18404014. ATTENTION-BASED DECODER-ONLY SEQUENCE TRANSDUCTION NEURAL NETWORKS simplified abstract (Google LLC)

From WikiPatents
Jump to navigation Jump to search

ATTENTION-BASED DECODER-ONLY SEQUENCE TRANSDUCTION NEURAL NETWORKS

Organization Name

Google LLC

Inventor(s)

Noam M. Shazeer of Palo Alto CA (US)

Lukasz Mieczyslaw Kaiser of San Francisco CA (US)

Etienne Pot of Palo Alto CA (US)

Mohammad Saleh of Santa Clara CA (US)

Ben David Goodrich of San Francisco CA (US)

Peter J. Liu of Santa Clara CA (US)

Ryan Sepassi of Beverly Hills CA (US)

ATTENTION-BASED DECODER-ONLY SEQUENCE TRANSDUCTION NEURAL NETWORKS - A simplified explanation of the abstract

This abstract first appeared for US patent application 18404014 titled 'ATTENTION-BASED DECODER-ONLY SEQUENCE TRANSDUCTION NEURAL NETWORKS

The patent application describes methods, systems, and apparatus for generating an output sequence from an input sequence using a self-attention decoder neural network.

  • Input sequences are processed at each generation time step to generate a combined sequence that includes the input sequence and previously generated output tokens.
  • The combined sequence is then processed by the neural network to generate a score distribution over possible output tokens.
  • An output token is selected based on the score distribution to be the next token in the output sequence.

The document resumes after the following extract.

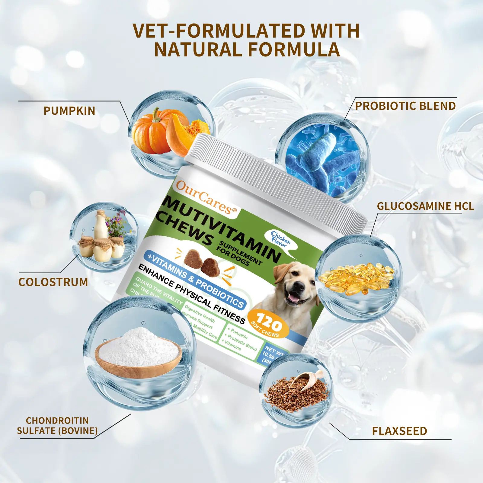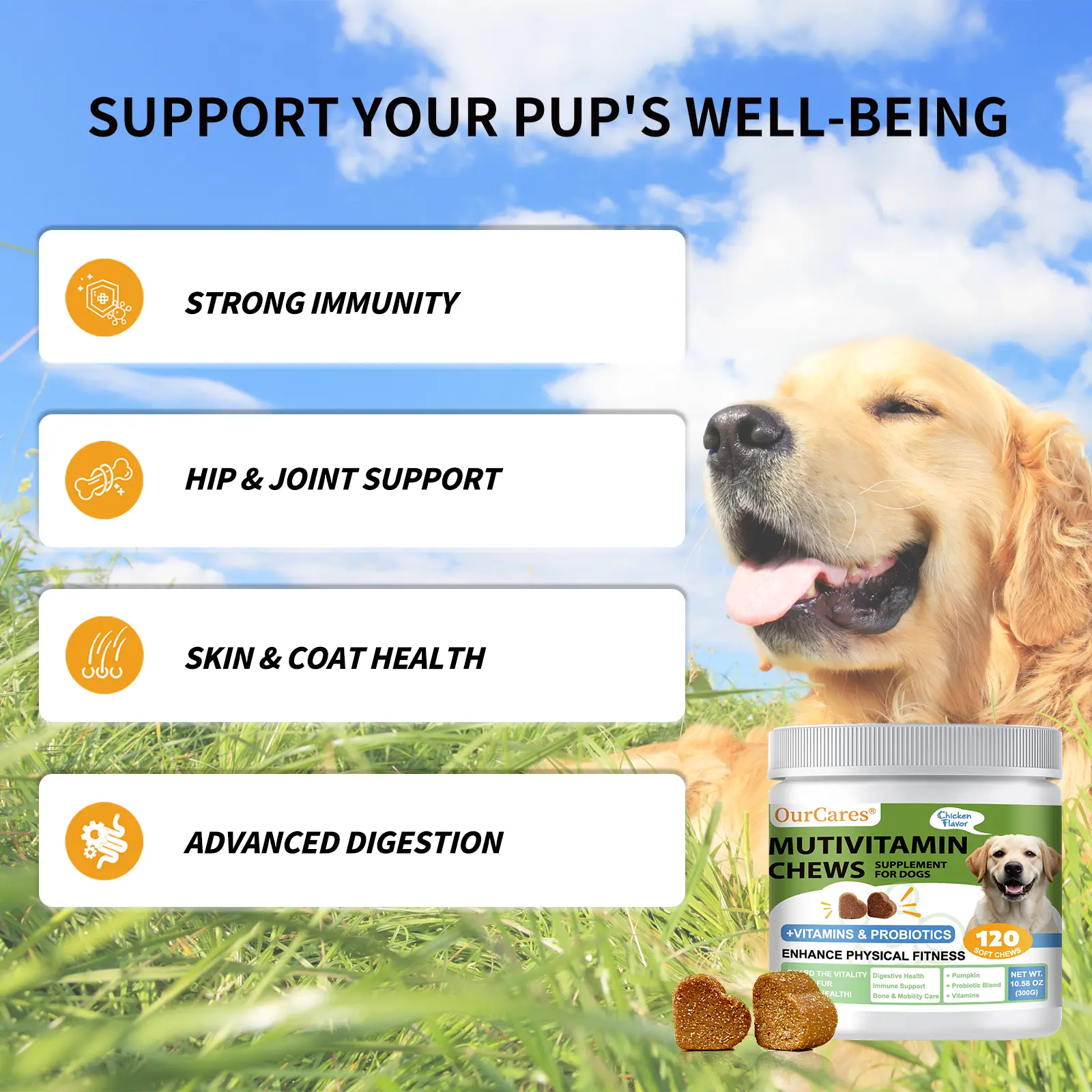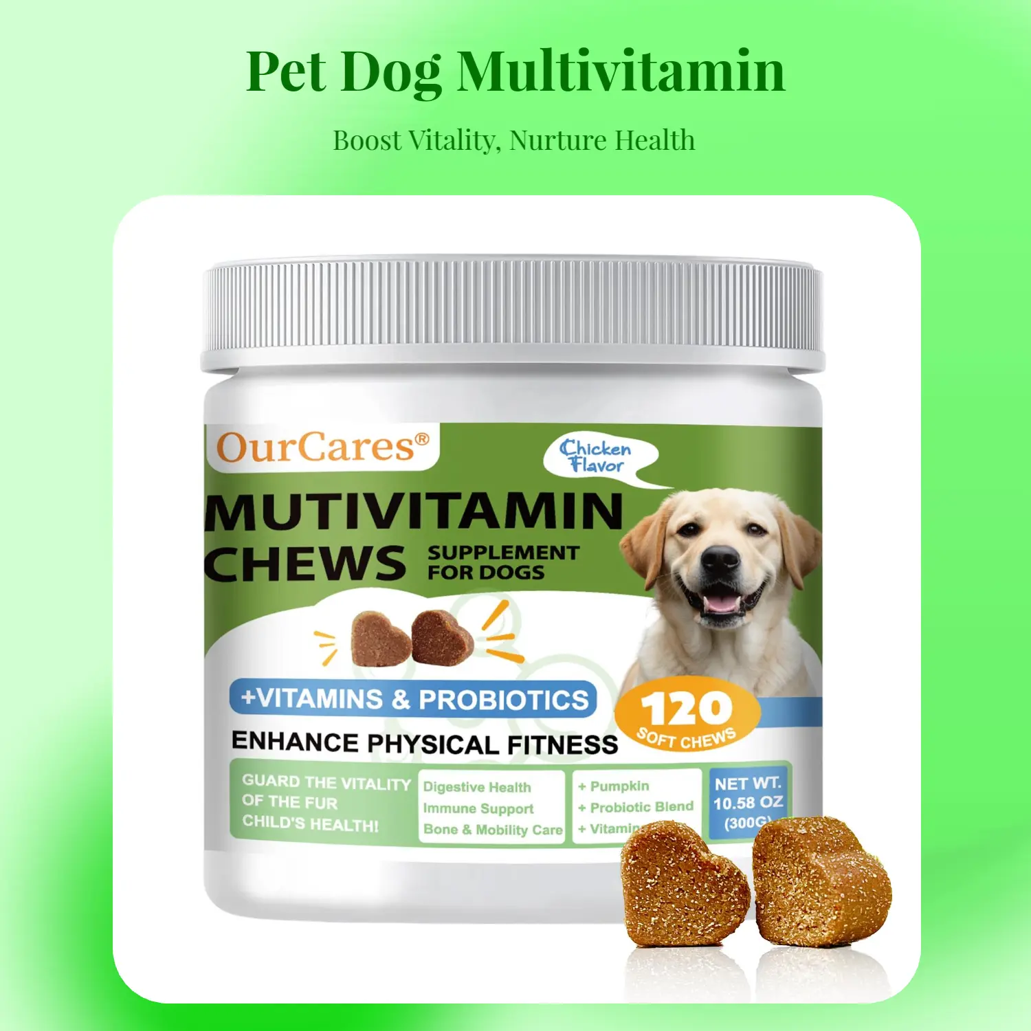 Specially designed vitamin chewable tablets for pets, made from natural ingredients, scientifically formulated with yeast, lecithin, spirulina, taurine, lutein, and various vitamins and minerals to comprehensively meet the nutritional needs of pet growth.Unique processing techniques preserve active ingredients, helping to boost immunity, promote bone development, and maintain skin and coat health, keeping pets full of vitality.Free from artificial coloring, flavoring, and preservatives, it is safe and secure to take on a daily basis.Choose our Pet Vitamin Chewable Tablets to provide personalized nutritional care for your furry friends, helping them grow up healthy and happy, and enjoy a life of happiness!

Potential Applications: - Natural language processing - Machine translation - Text generation tasks

Problems Solved: - Efficient generation of output sequences from input sequences - Improved performance in sequence-to-sequence tasks

Benefits: - Enhanced accuracy in generating output sequences - Increased efficiency in processing input sequences

Commercial Applications: - AI-powered chatbots - Language translation services - Content generation tools

Questions about the technology: 1. How does the self-attention decoder neural network improve sequence generation? 2. What are the key advantages of using this method in natural language processing tasks?


Original Abstract Submitted

Methods, systems, and apparatus, including computer programs encoded on a computer storage medium, for generating an output sequence from an input sequence. One of the methods includes, at each of a plurality of generation time steps: generating a combined sequence for the generation time step that includes the input sequence followed by the output tokens that have already been generated as of the generation time step; processing the combined sequence using a self-attention decoder neural network to generate a time step output that defines a score distribution over a set of possible output tokens; and selecting, using the time step output, an output token from the set of possible output tokens as the next output token in the output sequence.